= Your objective =
Each line of the data must be given back verbatim, with pictures removed.

= Given information =

╔══

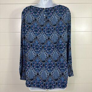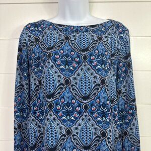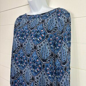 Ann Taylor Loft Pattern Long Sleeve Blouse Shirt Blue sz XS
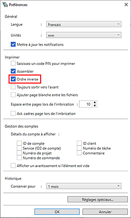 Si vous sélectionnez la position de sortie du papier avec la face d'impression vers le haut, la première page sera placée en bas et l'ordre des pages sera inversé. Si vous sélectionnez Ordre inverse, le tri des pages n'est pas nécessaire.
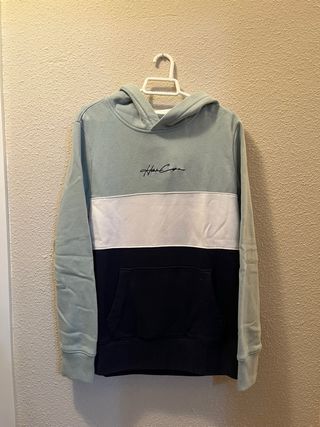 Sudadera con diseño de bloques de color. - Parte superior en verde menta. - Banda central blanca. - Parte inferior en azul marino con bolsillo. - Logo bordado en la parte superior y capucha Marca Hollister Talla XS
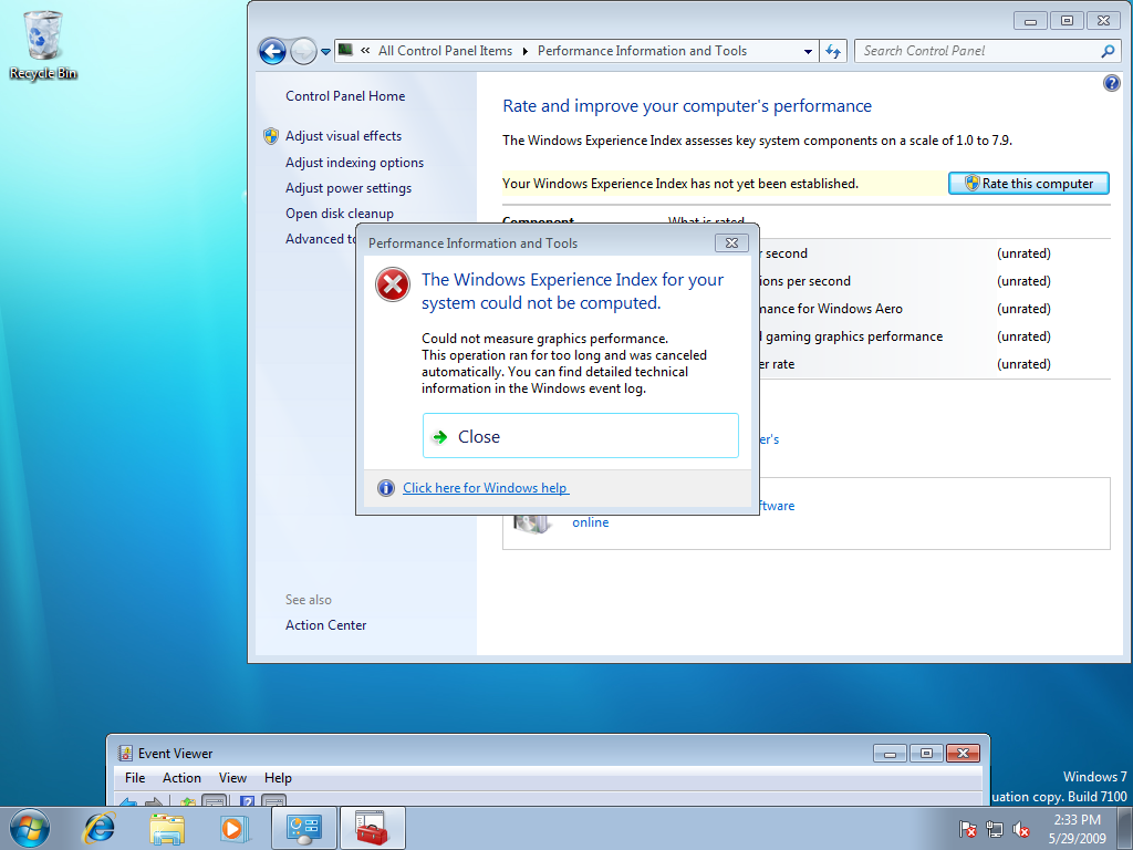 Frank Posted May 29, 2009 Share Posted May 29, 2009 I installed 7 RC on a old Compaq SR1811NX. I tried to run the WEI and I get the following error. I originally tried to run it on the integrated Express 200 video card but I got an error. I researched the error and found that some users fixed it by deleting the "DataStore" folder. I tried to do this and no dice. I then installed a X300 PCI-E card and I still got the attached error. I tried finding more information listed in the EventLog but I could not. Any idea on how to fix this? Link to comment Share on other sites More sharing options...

╚══

= Your solution =
 Ann Taylor Loft Pattern Long Sleeve Blouse Shirt Blue sz XS
 Si vous sélectionnez la position de sortie du papier avec la face d'impression vers le haut, la première page sera placée en bas et l'ordre des pages sera inversé. Si vous sélectionnez Ordre inverse, le tri des pages n'est pas nécessaire.
 Sudadera con diseño de bloques de color. - Parte superior en verde menta. - Banda central blanca. - Parte inferior en azul marino con bolsillo. - Logo bordado en la parte superior y capucha Marca Hollister Talla XS
 Frank Posted May 29, 2009 Share Posted May 29, 2009 I installed 7 RC on a old Compaq SR1811NX. I tried to run the WEI and I get the following error. I originally tried to run it on the integrated Express 200 video card but I got an error. I researched the error and found that some users fixed it by deleting the "DataStore" folder. I tried to do this and no dice. I then installed a X300 PCI-E card and I still got the attached error. I tried finding more information listed in the EventLog but I could not. Any idea on how to fix this? Link to comment Share on other sites More sharing options...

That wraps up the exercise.